The EU facing assertive Russia

In 2014, Russia had certainly not anticipated that the European Union would prove able to decide and maintain sanctions (just like it probably did not bet on the consensus that NATO managed to achieve on the reinforcement of defence and deterrence mechanisms in the context of the Ukraine conflict). In a situation where EU members’ foreign policy interests generally diverge rather than converge, such a show of unity was — and remains — quite remarkable. As suggested in the EU’s Global strategy, foreign policy differences amongst member states have been transcended by the fact that ‘Russia’s violation of international law and the destabilisation of Ukraine, on top of protracted conflicts in the wider Black Sea region, have challenged the European security order at its core’. Frustration with Moscow’s behaviour is widely shared in the EU. The very active influence policy that Russia is deploying towards Western countries (Russian media in foreign languages, propaganda[53], ties to political parties or personalities, cyber…), although its real impact is difficult to measure, has created more mistrust in European capitals. Moscow’s strong inclination to rely on military power and intimidation is an essential source of growing distrust on the part of the EU, which is much more reluctant to use these tools, as is well known. Russia’s relative resilience[54] in front of sanctions has also nurtured this frustration: while sanctions have certainly hurt the Russian economy, they have not produced a change in attitude on Moscow’s part on the Ukraine conflict and a more flexible international behaviour overall (Syria, suspension of plutonium agreement…). Hopes that Russia may become more amenable again out of a need to attract more European investments, technology transfers or industrial partnerships proved short-sighted.
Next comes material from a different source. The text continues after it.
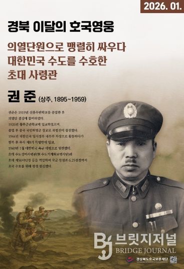브릿지저널 정보영 기자 | 경상북도호국보훈재단은 2026년‘경북 이달의 호국영웅’ 사업의 첫 주인공으로 독립운동가이자 대한민국 국방의 초석을 다진 상주 출신 권준(權晙, 1895~1959) 장군을 선정했다고 밝혔다.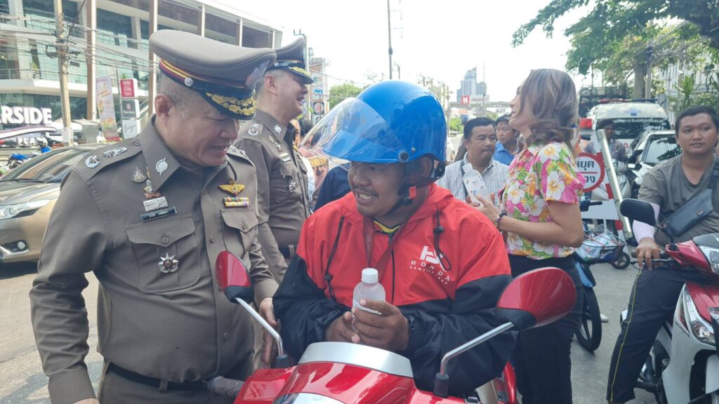 วันที่ 9 เม.ย. พล.ต.ท.ธิติ แสงสว่าง ผบช.น.มอบหมายให้ พล.ต.ต.ธวัช วงศ์สง่า รอง ผบช.น. เป็นประธานในพิธีเปิดโครงการรณรงค์ขับขี่ปลอดภัย สวมหมวกนิรภัยเทศกาลสงกรานต์ 2567 ณ บริเวณด้านหน้าสถานีตำรวจนครบาลสำเหร่ ถนนเจริญนคร แขวงสำเหร่ เขตธนบุรี กทม.โดยมี พล.ต.ต.ภานพ วรธนัชชากุล ผบก.น.8 พ.ต.อ.ธนา มะลิงาม ผกก.สน.สำเหร่ และ พ.ต.ต.จิรายุ กีรติยุตอมรกุล สว.จร.สน.สำเหร่ พาคณะข้าราชการตำรวจ พร้อม ทีมแพทย์กู้ชีพโรงพยาบาล บางปะกอก 9 อินเตอร์เนชั่นแนล ร่วมแจกหมวกนิรภัย น้ำดื่ม ยาดม และแผ่นพับประชาสัมพันธ์โครงการ ให้แก่ผู้ใช้รถใช้ถนน พี่สัญจรผ่านไปมาบริเวณหน้าโรงพัก

‘A consistent and united approach must remain the cornerstone of EU policy towards Russia’, the EU’s Global strategy stresses[55]. Maintaining unity has been and will continue to be a constant test, since all EU members do not see the ‘Russia problem’ in the same way. The military challenge that Russia represents is not the subject of an EU consensus. Poland considers Russia as a military threat, and the idea is widespread in this country that a conflict with Moscow involving Poland is a possibility for the future. French President François Hollande declared to the press before the beginning of the July 2016 NATO Warsaw summit that Russia ‘is not an adversary, not a threat’[56]. The Italian Ministry of Defence White Paper for International Security and Defense makes no direct mention of Russia, the conflict in Ukraine, Crimea. Rome has made it clear that it wishes to avoid any confrontation or escalation involving NATO. On sanctions, the Nordic, Baltic and Central European countries have been more supportive than some other countries (in several EU member states interest groups and political parties have been advocating the removal of sanctions, and more generally the resumption of cooperative political, economic and security ties with Russia). In the same way, not all EU members have a strong interest in the eastern neighbourhood[57].
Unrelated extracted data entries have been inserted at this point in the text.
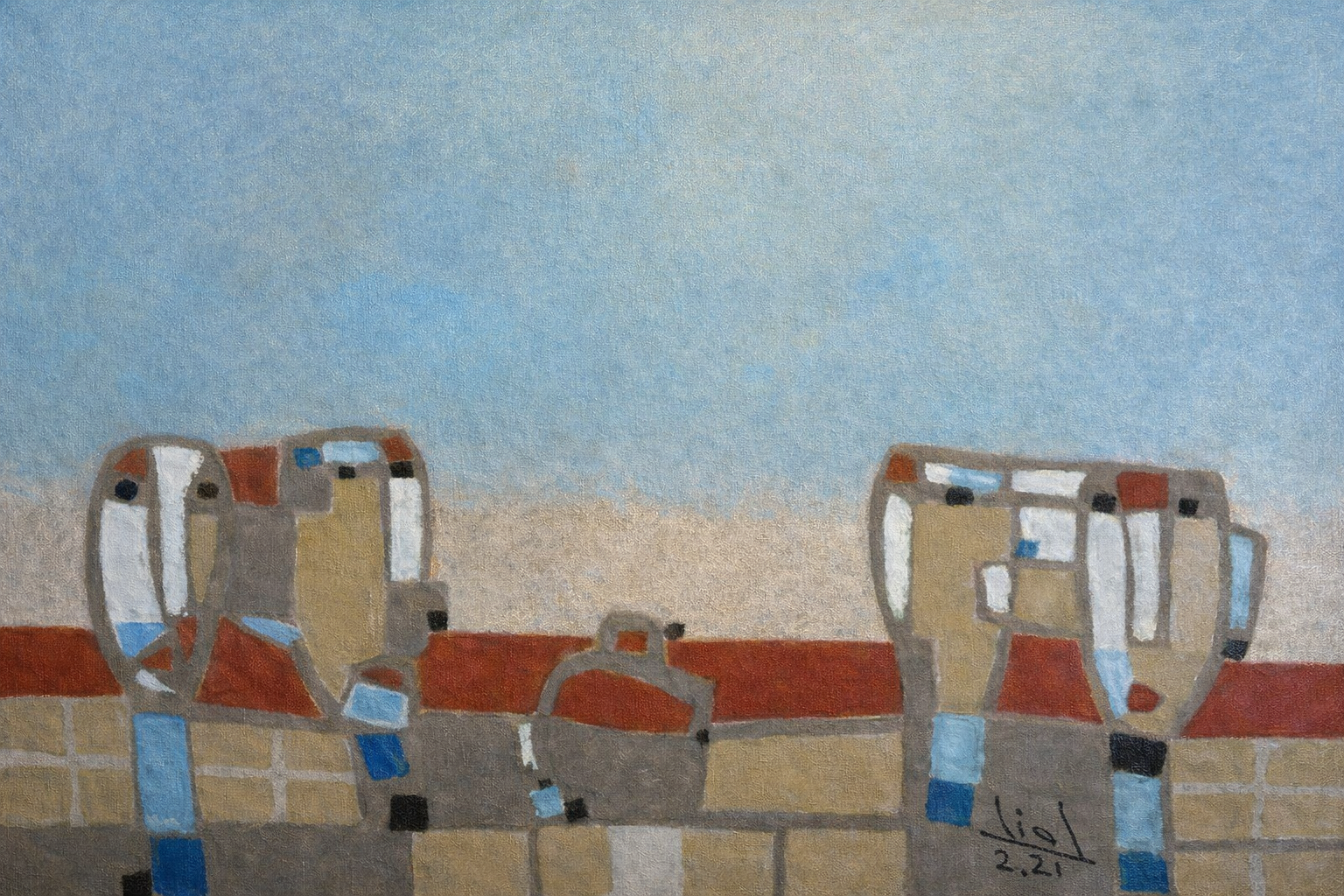 “Trò Chuyện” mở ra một không gian được tiết giảm đến mức tối thiểu, nơi hình ảnh không còn mang tính mô tả, mà trở thành dấu vết của cảm nhận. Hai hình thể đối diện nhau, được cấu thành từ những mảng màu nhỏ và đường viền giản lược, gợi liên tưởng đến con người nhưng không hoàn toàn cố định trong một định danh cụ thể. Giữa chúng là một khoảng trống vừa đủ, tạo nên một dạng đối thoại lặng, không rõ nội dung, chỉ còn lại trạng thái.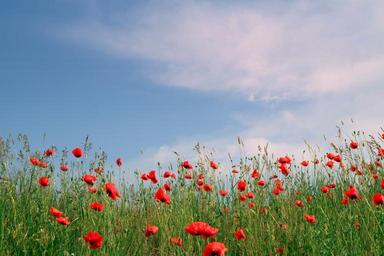 Keywords: poppies red field poppy meadow blue sky summer flowers grass poppy flower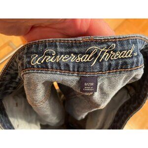 These Universal Thread denim shorts in size 8/29R feature a raw hem, button fly closure, and a classic blue wash. Made with durable material and designed for comfort.

EU members even do not see eye to eye on the kind of dialogue the Union should develop with Moscow. Russia’s behaviour in Ukraine has seriously challenged Germany’s traditional Ostpolitik. However, Berlin still views Moscow as a central actor in European security, albeit a negative one, and has promoted the most extensive dialogue as possible. In other words, despite the collapse of the bilateral partnership in its previous form, the only perceived way to move forward is through negotiation and cooperation. France has advocated both firmness and dialogue in relations with Russia[58]. In Poland and in the Baltic states, which feel particularly vulnerable to Russia’s hybrid tactics, dialogue with Russia is all time low and expanding it is considered as basically pointless, even counter-productive[59].

The dividing lines on all these issues can also be found in the experts’ and academic community in EU countries – some saying that Russia’s recent attitude points to a basic conflict of interests between Moscow and the West, with values at its core, which means that dialogue is doomed either to fail or to lead Western countries to sacrifice their values and/or the countries in the neighbourhood shared with Russia; others explaining the current situation by a mutual failure to understand the other’s vision of the world and of its interests and by political blunders on both sides (not only Russia’s).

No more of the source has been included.